The university was one of the founding members of the Worldwide Universities Network (WUN), a partnership that includes 17 research-led universities in the United States, Asia, and Europe. The network provides funding, facilitates collaboration between universities, and coordinates exchanges of faculty members and graduate students among institutions. Former Penn State president Graham Spanier is a former vice-chair of the WUN.
The Pennsylvania State University Libraries were ranked 14th among research libraries in North America in the 2003–2004 survey released by The Chronicle of Higher Education. The university’s library system began with a 1,500-book library in Old Main. In 2009, its holdings had grown to 5.2 million volumes, in addition to 500,000 maps, five million microforms, and 180,000 films and videos.

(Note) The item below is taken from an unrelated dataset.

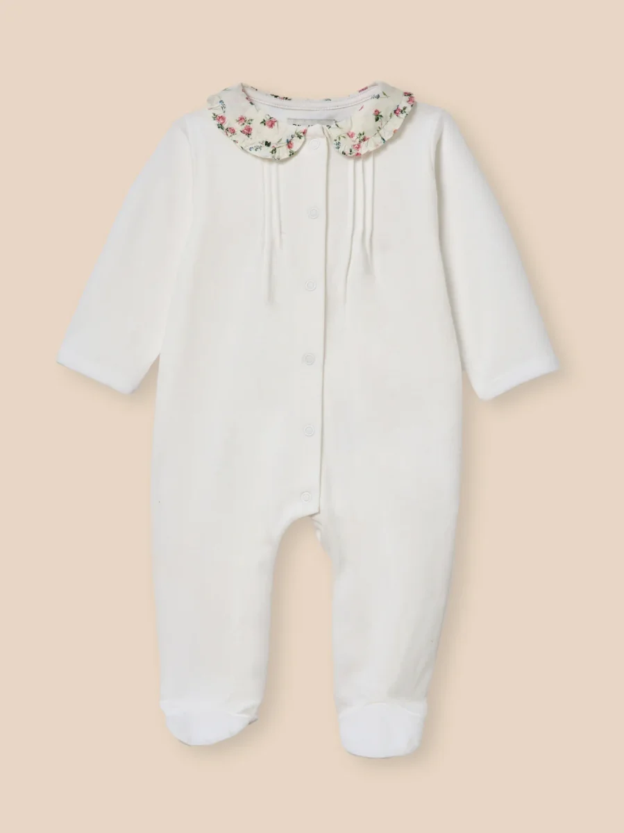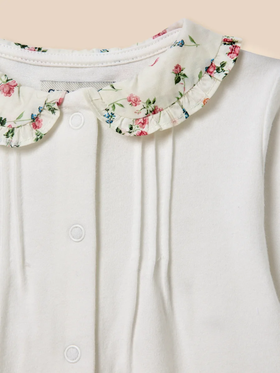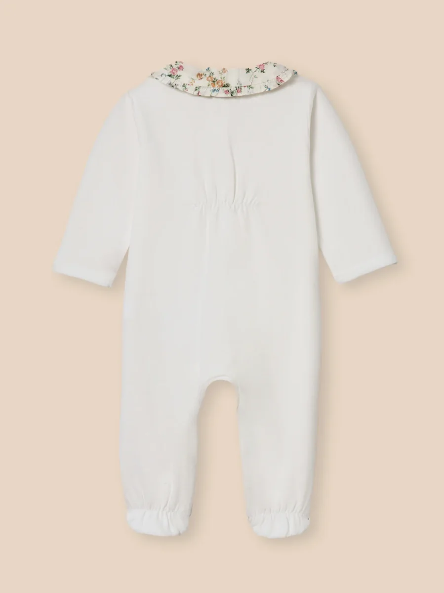 Pyjama bébé en jersey tout doux coton biologique, idéal pour respecter la peau sensible de bébé. Son col en tissu Liberty apporte une touche élégante et délicate : un cadeau de naissance plein de douceur.

The university’s College of Information Sciences and Technology is the home of CiteSeerX, an open-access repository and search engine for scholarly publications. The university is also the host to the Radiation Science & Engineering Center, which houses the oldest operating university research reactor. Additionally, University Park houses the Graduate Program in Acoustics, the only freestanding acoustics program in the United States. The university also houses the Center for Medieval Studies, a program that was founded to research and study the European Middle Ages, and the Center for the Study of Higher Education (CSHE), one of the first centers established to research postsecondary education.